Оно заявило о себе как в самиздате (по украински – самвидав), так и в официально опубликованных произведениях. В одном 1966 году прошло минимум 20 процессов над авторами самиздата, получивших сроки до 15 лет за эссе или антологию стихов.[1616
См.: Вячеслав Чорновол. Бумаги Чорновола. Нью-Йорк, 1968.
[Закрыть]] Примером же официальной публикации в национальном духе может служить роман О.Гончара «Собор», где герои пытаются спасти от разрушения здание собора, напоминая, что даже Махно или нацисты не покушались на него.
В это же время Иван Дзюба, автор большого эссе, выступил с протестом против арестов деятелей культуры и заявил, что нынешний «интернационализм» мало чем отличается от русификации царских времен.
Последовали экстраординарные события: на защиту Дзюбы выступил первый секретарь ЦК Украины Петр Шелест, сам тоже писавший в националистическом тоне (так, во всяком случае, воспринимали его тексты и националисты и коммунисты ортодоксы). Например, в разрез с традиционным в советской историографии направлением, он отрицательно описал покорение Украины войсками Екатерины Великой.
Примечательно, что украинский лидер понимал: подобная позиция принесет ему политические дивиденды даже внутри самой партии. Когда в 1973 году его сместили, пришлось провести массовую чистку его сторонников, и в одной только Высшей партийной школе при ЦК КПУ было уволено 34 инструктора и даже сам директор школы. Уволили четвертую часть всех секретарей по пропаганде – на всех уровнях. Запретили книги почти сотни авторов, провели чистку в НИИ с последующим увольнением сотрудников – пачками! Во Львовском университете уволили 20 преподавателей и профессоров, исключили десятки студентов. В Киевском университете тоже прошли увольнения. Множество известных интеллектуалов в последующие два года были отправлены в лагеря или тюремные психиатрические больницы. Полагают, что в общем итоге были арестованы тысячи людей.
При этом обнаружилось, что даже в официальных партийных и академических кругах попытка украинизации в духе 20-х годов нашла отклик и открытую поддержку, на что рассчитывал Дзюба (сам Дзюба позднее, после сильного давления, отрекся от своей прежней позиции).

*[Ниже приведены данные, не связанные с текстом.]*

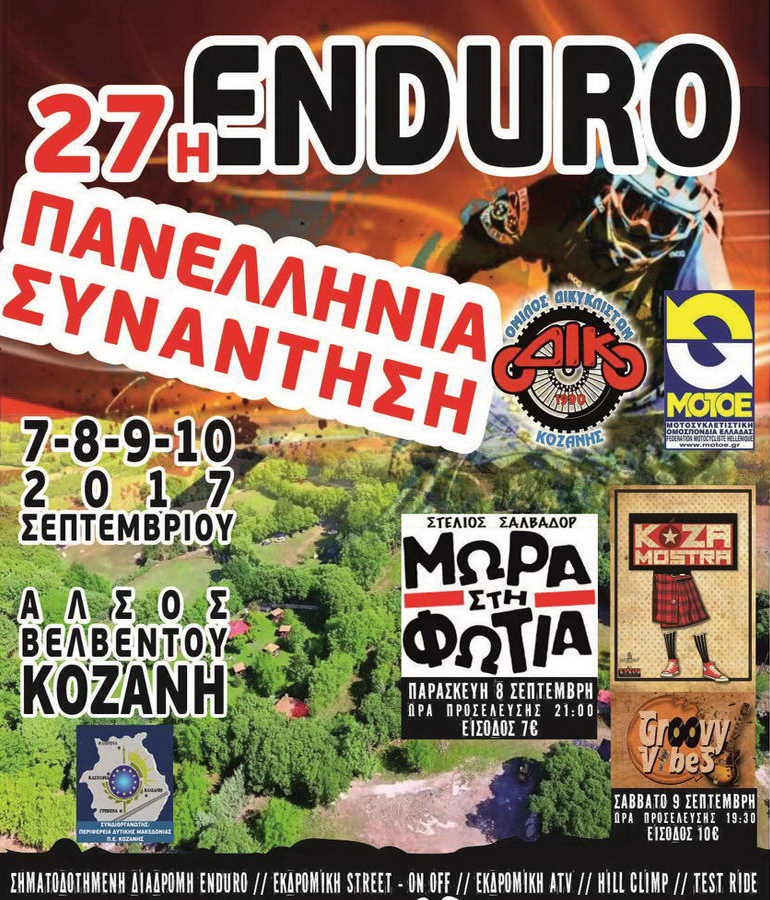 Ο Όμιλος Δικυκλιστών Κοζάνης διοργανώνει την 27η πανελλήνια συγκέντρωση Enduro, που θα πραγματοποιηθεί από τις 7 έως τις 10 Σεπτεμβρίου στο άλσος Βελβενδού. Οπότε, προετοιμαστείτε για χωμάτινα και ασφάλτινα εκδρομικά, διάσχιση μονοπατιών, light αλλά και hard διαδρομές. Απαραίτητη προϋπόθεση, να έχετε μοτοσυκλέτα Enduro, ΜΧ ή/και On-Off.

В следующем десятилетии официальная политика сводилась к нападкам на «злостного врага украинского народа, украинский национализм», как это формулировал теперь нынешний первый секретарь ЦК Украины Щербицкий. Все доходящие до нас сообщения свидетельствуют, что свободное выражение национальных чувств осталось неутоленным. В 1976 году в Киеве была образована «Группа по контролю за выполнением Хельсинкских соглашений», которая была разогнана к 1978 году, а ее члены получили сроки от десяти до пятнадцати лет тюремного заключения. С этого времени преследованию подвергалось много других групп и отдельных людей. Следует подчеркнуть, что и в рабочих беспорядках на Украине в 70-х годах часто присутствовал национальный компонент, например, в трехдневных волнениях в Днепропетровске в мае 1972 года. Именно на Украине возникло ядро первого «свободного профсоюза», хотя и недолго просуществовавшего.
В целом нет сомнений в том, что проблемы, поднятые диссидентами-националистами, как сказал один украинский писатель, «все еще стоят первыми на повестке дня».

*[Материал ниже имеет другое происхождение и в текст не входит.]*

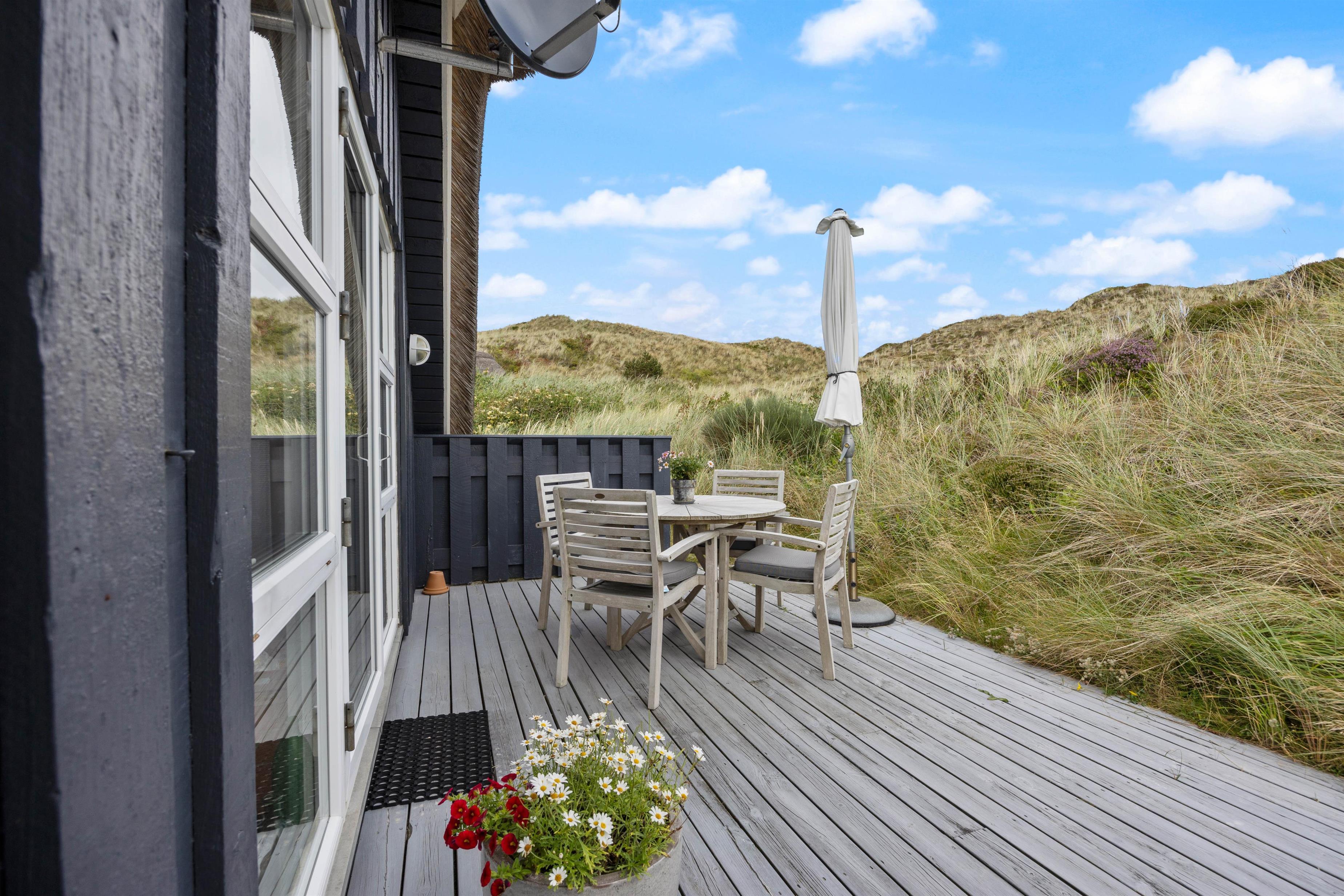 Your idyllically located holiday home is nestled within a 2,500-square-metre dune plot. Here you can relax in the comfortable garden furniture and unwind. The dune hills provide excellent protection from both wind and overlooking eyes, ensuring peaceful relaxation. In the evening, why not round off your day with a sociable barbecue?

Не нам предсказывать развитие тамошних событий. Но при любом возможном кризисе в СССР украинское национальное самосознание, очевидно, станет жизненным фактором. Оно не было уничтожено сталинскими методами, его не обезоружила ни одна из последующих тактических, операций сталинских наследников и преемников.
* * *
Если же говорить о том, какие последствия имели события 1930–1933 гг. для советского сельского хозяйства, то сегодня элементарная неэффективность последнего является общеизвестной. Система колхозов не только не породила новых производительных сил и возможностей, не только не перегнала весь мир, а как раз наоборот, по статистике двадцать пять сельскохозяйственных рабочих в СССР производят столько же, сколько в США – четверо. И это происходит в последнее время, во всяком случае, не из-за недостатка финансовых вложений. Огромные суммы инвестировались в сельское хозяйство СССР, но результат оказался минимальным. Объясняется это недостатками самой системы.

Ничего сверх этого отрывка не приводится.